◆ **EXERCISE DETAILS**
Starting at the line containing "自助图书杀菌机、静音舱、朗读" and ending at the line containing "Burgers délicieux !", print every line of the material below exactly, both ends included, and stop there.

◆ **RECORDS SHOWN**
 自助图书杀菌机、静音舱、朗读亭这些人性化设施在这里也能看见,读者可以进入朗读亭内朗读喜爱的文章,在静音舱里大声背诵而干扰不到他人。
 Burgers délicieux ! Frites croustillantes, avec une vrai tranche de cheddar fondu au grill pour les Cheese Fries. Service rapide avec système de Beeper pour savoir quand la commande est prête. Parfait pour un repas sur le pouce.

---

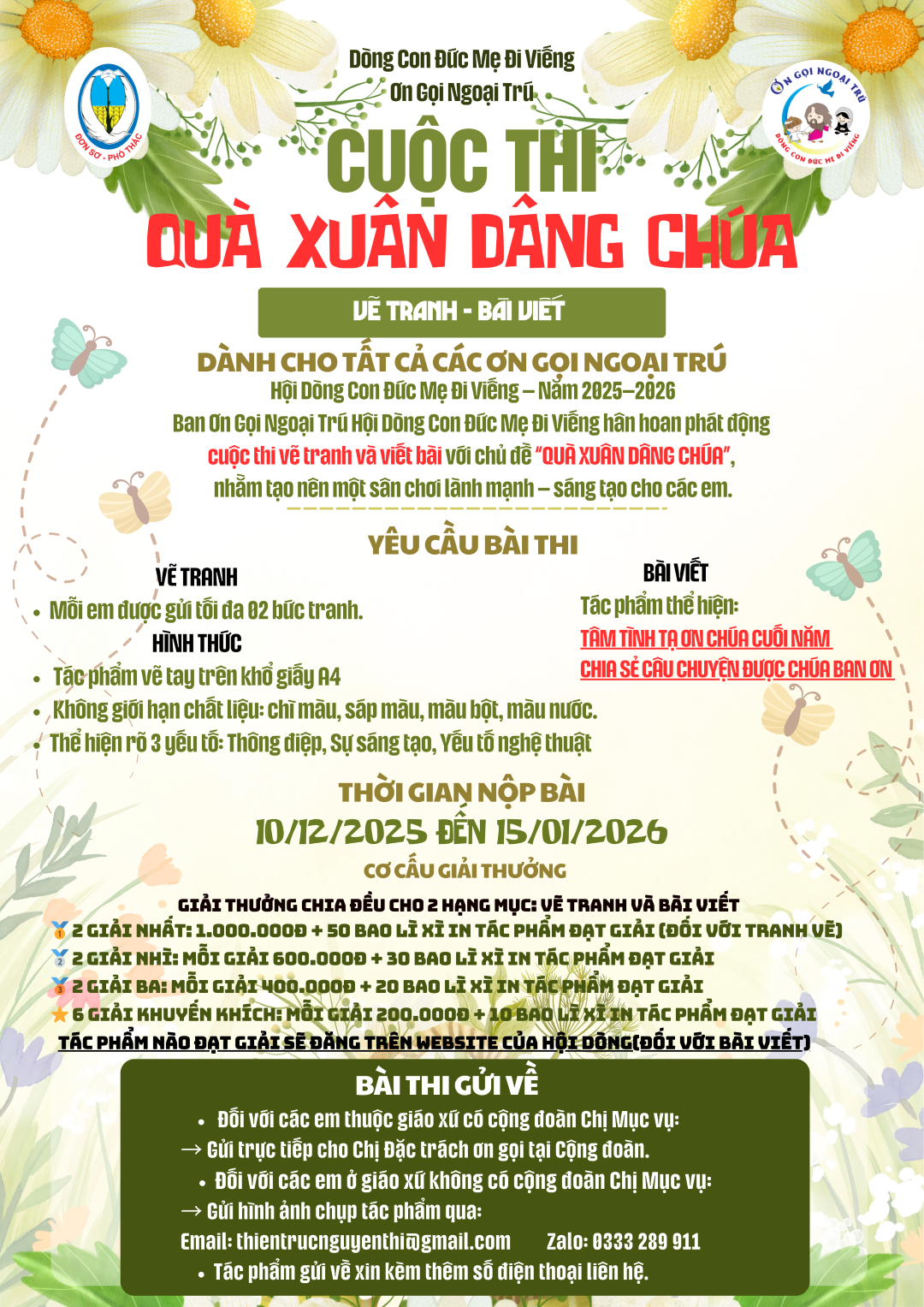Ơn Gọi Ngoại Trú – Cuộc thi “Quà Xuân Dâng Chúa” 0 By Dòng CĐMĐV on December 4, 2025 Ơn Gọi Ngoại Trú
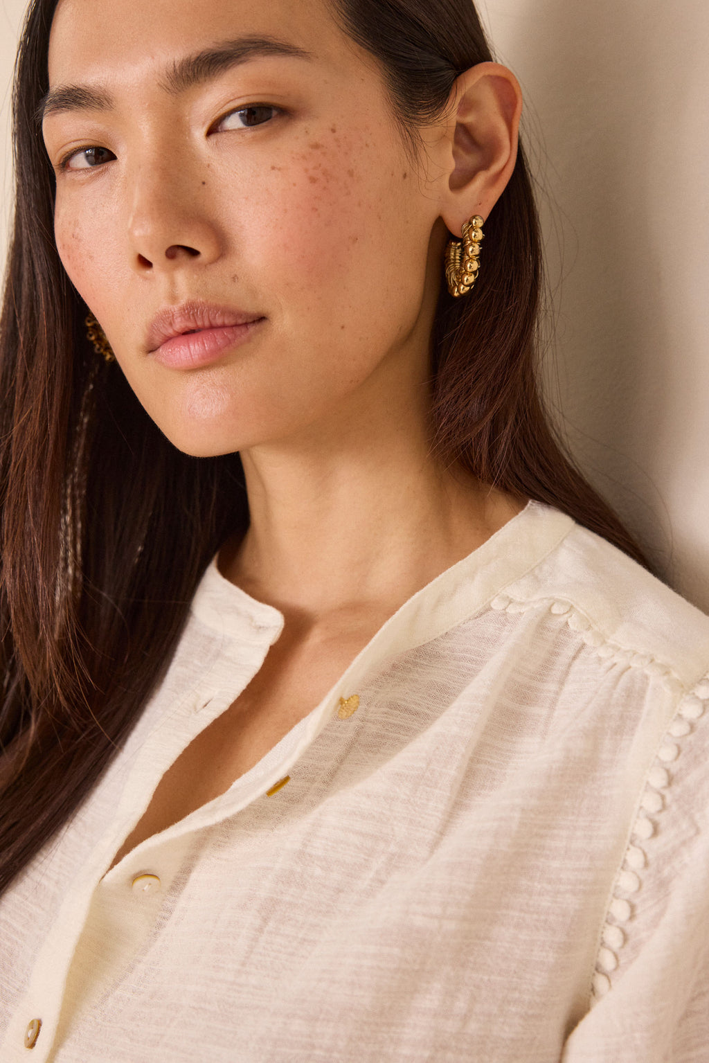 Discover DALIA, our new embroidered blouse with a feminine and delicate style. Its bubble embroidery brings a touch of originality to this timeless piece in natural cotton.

◆ **EXERCISE OUTPUT**
 自助图书杀菌机、静音舱、朗读亭这些人性化设施在这里也能看见,读者可以进入朗读亭内朗读喜爱的文章,在静音舱里大声背诵而干扰不到他人。
 Burgers délicieux ! Frites croustillantes, avec une vrai tranche de cheddar fondu au grill pour les Cheese Fries. Service rapide avec système de Beeper pour savoir quand la commande est prête. Parfait pour un repas sur le pouce.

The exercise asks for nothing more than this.